## Task details
Without the pictures, output the records below word for word.

Data extracted from a collection:
################
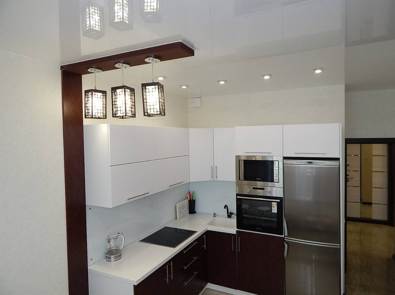 Дизайн двухуровневого потолка – превосходный способ зонирования. С помощью чередования глянцевого полотна и матовых вставок из гипсокартона можно отделить кухню от гостиной, кухню от столовой, обеденную зону внутри кухни и т.д.
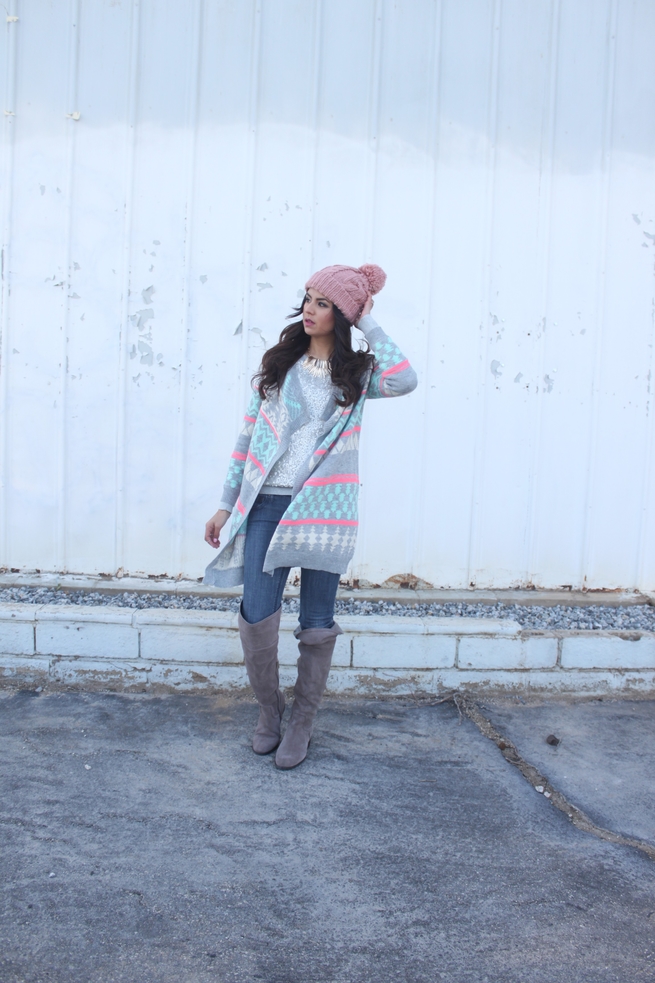 Cardigan- Lucy & Lila (other colors available) | Sweater- Express | Boots- Vince Camuto | Necklace- via Rocksbox c/o | Hat- Windsor |
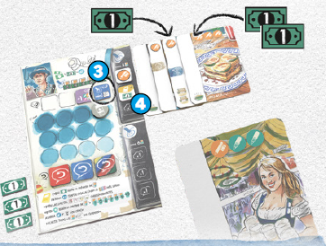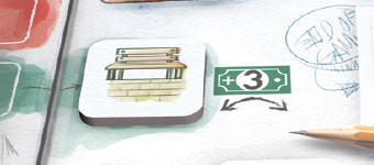 3枚目のカードでは、このスケッチブックですでに3つの割引があるため、リソースコストなしでカードCをプレイします。 同じスケッチブックで3枚のカードをプレイしたので、銀行に3金(0 + 1 + 2)を支払う必要があります。 通常であれば、プレイされたカードにはボーナスアイコンがないため、ボーナスタイルは受け取りません。ただし、あなたは、スケッチ アクションごとに少なくとも1つのボーナスタイルを付与する基本面の青の改善タイル(3)を持っています。追加のお金のタイルを選択し、それを同じスケッチブックに追加します(4)。出版するときには、その恩恵を受けることができます。 |
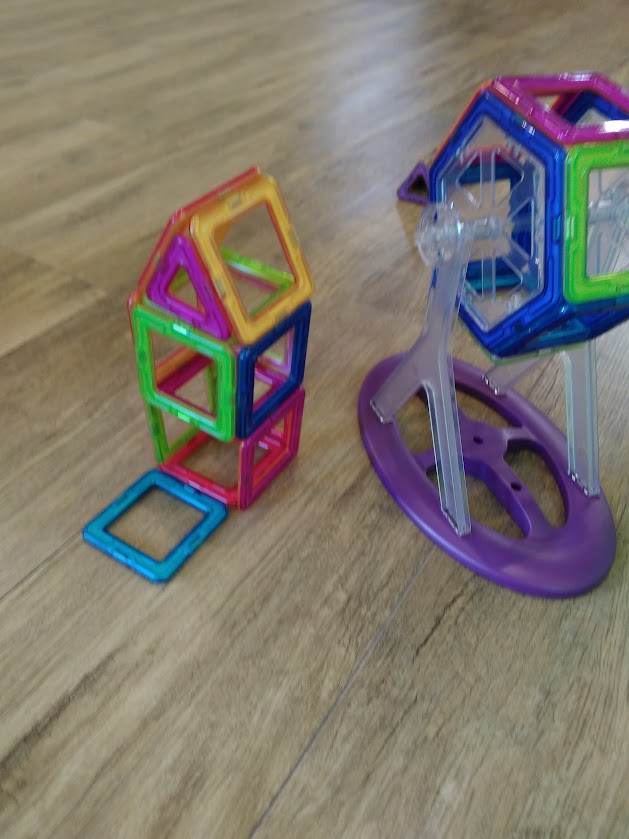 今日はマグフォーマーを紹介します。形の辺の部分がマグネットになっているので、写真のようなカラフルなお家などが作れます。どんなものが作れるかの見本を見ながら自分が遊んでみたいものを見つけ、お子さんだけで作る場合もあれば職員と協力して作る場合があります。そのお子さんによって建物などを作るお子さんや、自動車など作って実際に動かして遊ぶお子さんがいます。毎日すごく楽しそうです💕
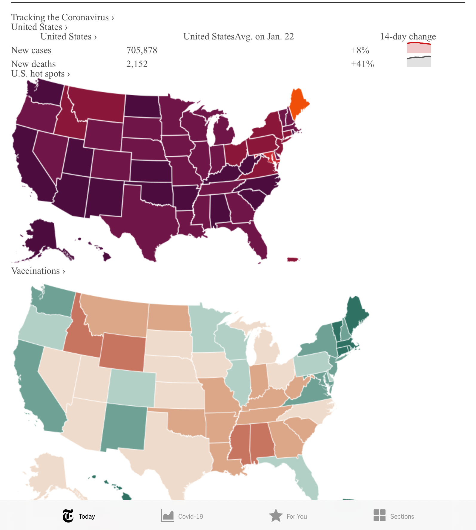 Maine, as I have written before, stands out. Every morning as I peruse the newspapers, I often start with checking the Covid-19 numbers in places where I have children, grandchildren, and where I spend time. Since the Omicron variant has dominated headlines, Maine has had among the very lowest infection numbers in the country. While they struggled for a time in rural parts of the state in early fall, since Omicron Maine has been consistently cited by the data, courtesy of the New York Times, as #1 with the fewest infections per 100,000.
################
## Task result
 Дизайн двухуровневого потолка – превосходный способ зонирования. С помощью чередования глянцевого полотна и матовых вставок из гипсокартона можно отделить кухню от гостиной, кухню от столовой, обеденную зону внутри кухни и т.д.
 Cardigan- Lucy & Lila (other colors available) | Sweater- Express | Boots- Vince Camuto | Necklace- via Rocksbox c/o | Hat- Windsor |
 3枚目のカードでは、このスケッチブックですでに3つの割引があるため、リソースコストなしでカードCをプレイします。 同じスケッチブックで3枚のカードをプレイしたので、銀行に3金(0 + 1 + 2)を支払う必要があります。 通常であれば、プレイされたカードにはボーナスアイコンがないため、ボーナスタイルは受け取りません。ただし、あなたは、スケッチ アクションごとに少なくとも1つのボーナスタイルを付与する基本面の青の改善タイル(3)を持っています。追加のお金のタイルを選択し、それを同じスケッチブックに追加します(4)。出版するときには、その恩恵を受けることができます。 |
 今日はマグフォーマーを紹介します。形の辺の部分がマグネットになっているので、写真のようなカラフルなお家などが作れます。どんなものが作れるかの見本を見ながら自分が遊んでみたいものを見つけ、お子さんだけで作る場合もあれば職員と協力して作る場合があります。そのお子さんによって建物などを作るお子さんや、自動車など作って実際に動かして遊ぶお子さんがいます。毎日すごく楽しそうです💕
 Maine, as I have written before, stands out. Every morning as I peruse the newspapers, I often start with checking the Covid-19 numbers in places where I have children, grandchildren, and where I spend time. Since the Omicron variant has dominated headlines, Maine has had among the very lowest infection numbers in the country. While they struggled for a time in rural parts of the state in early fall, since Omicron Maine has been consistently cited by the data, courtesy of the New York Times, as #1 with the fewest infections per 100,000.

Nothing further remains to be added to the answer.